SPI, THE CRIMEAN WAR (1978)

THE CRIMEAN WAR is a set of four games each simulating a different critical battle in the war between the unlikely alliance of Britain, France, Turkey, and Sardinia against Russia during the Crimean War, 1854-1856. The four battles represented in this collection of games are: the ALMA, BALACLAVA, INKERMAN, and the TCHERNAYA RIVER. This collection of games, each with its own design and development team, was published by Simulations Publications, Inc. (SPI) in 1978.

HISTORICAL BACKGROUND

The Battle of Alma
On 28 September 1854, the allied armies of Britain, led by Lord Raglan, and France, under General St. Arnaud, and accompanied by a contingent of Sardinian troops, finally made their way to the outskirts of Sevastopol and began the laborious preparations necessary for a major siege. The capture of this one Russian fortress and naval base had been, from the very beginning, the strategic focus of the entire Allied Crimean Campaign. On 17 October, the first Allied parallels were completed and an almost constant bombardment of the fortress began.
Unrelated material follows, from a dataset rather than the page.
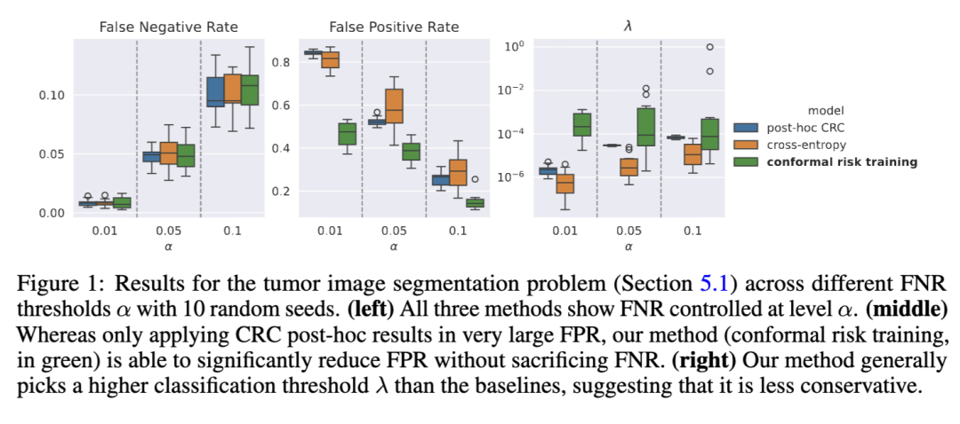 如图1所示,所有三种模型的期望 FNR 均被有效控制在目标水平 α。然而,对于“后处理式 CRC”和“交叉熵”这两种基线方法,应用后处理 CRC 会显著增加 FPR——当目标 FNR 为 1% 时,FPR 甚至高达 80%。相比之下,我们的共形风险训练方法在不同 α 水平下平均将 FPR 降低了 23% 至 42%。此外,我们的方法得到的 λ 平均值明显大于基线方法,表明该方法在维持风险保证的同时,降低了决策的保守性。

Sevastopol’s large Russian garrison was commanded by General Prince Menshikov with the assistance of his chief engineering officer, General Todleben. Because of the limited size of the besieging force, the entire naval base could not be completely encircled. So, much in keeping with the conduct of the rest of the campaign, the Russians continued to reinforce and resupply the naval base and its garrison using unblocked routes into the northern side of the fortress. This peculiar situation persisted through the entire duration of the siege.

Finally, on 8 September, 1855, the crucial Malakov defensive works on the southern side of the fortress fell, in spite of the gallant efforts of its defenders, to a violent French assault; and the Russian engineers, after inspecting what remained of the southern defenses, reluctantly declared that the fortress was no longer defensible. On the following day, Allied troops finally entered Sevastopol; they were unopposed. The higher than expected Allied losses incurred during the siege had, it turned out, resulted as much from disease as from enemy action. On the defenders’ side, casualties numbered over 54,000 killed, wounded, and missing; with as many as 3,000 Russian soldiers a day falling due to the constant Allied bombardment during the last stages of the siege.

DESCRIPTION



The four games that make up THE CRIMEAN WAR utilize a similar mix of game components, and are designed around a set of Standard Rules that are common to them all. Each individual simulation also has its own short set of Exclusive Rules specific to that game. This design format makes it almost effortless to move from one game to the next without a lot of time spent learning a new game system with each new title. Thus, each title while similar to the others in this set, still offers the players a different and unique gaming experience. The simulations in this series are designed to be above average in complexity; and playing times will typically vary from three to five hours depending on the game chosen.

THE INDIVIDUAL GAMES

ALMA (20 September 1854)
is a tactical simulation of the first battle of the Crimean War. After landing at Evpatoria, the allied force of British and French regulars began their march towards Sevastopol. At the Alma River, they met General Prince Menshikov’s Russian forces in prepared positions on the south bank. This was the one and only clash, during the entire war, between the main armies of the three major powers: Britain, France, and Russia. The Russians, although outnumbered, occupied very strong defensive ground; the Allies, while numerically superior, suffered from severe organizational and command problems. A Russian victory at the Alma would probably have ended the war — to the enormous benefit of virtually everyone involved — before it had really even begun. ALMA is twelve turns long and was designed by J. Matisse Enzer.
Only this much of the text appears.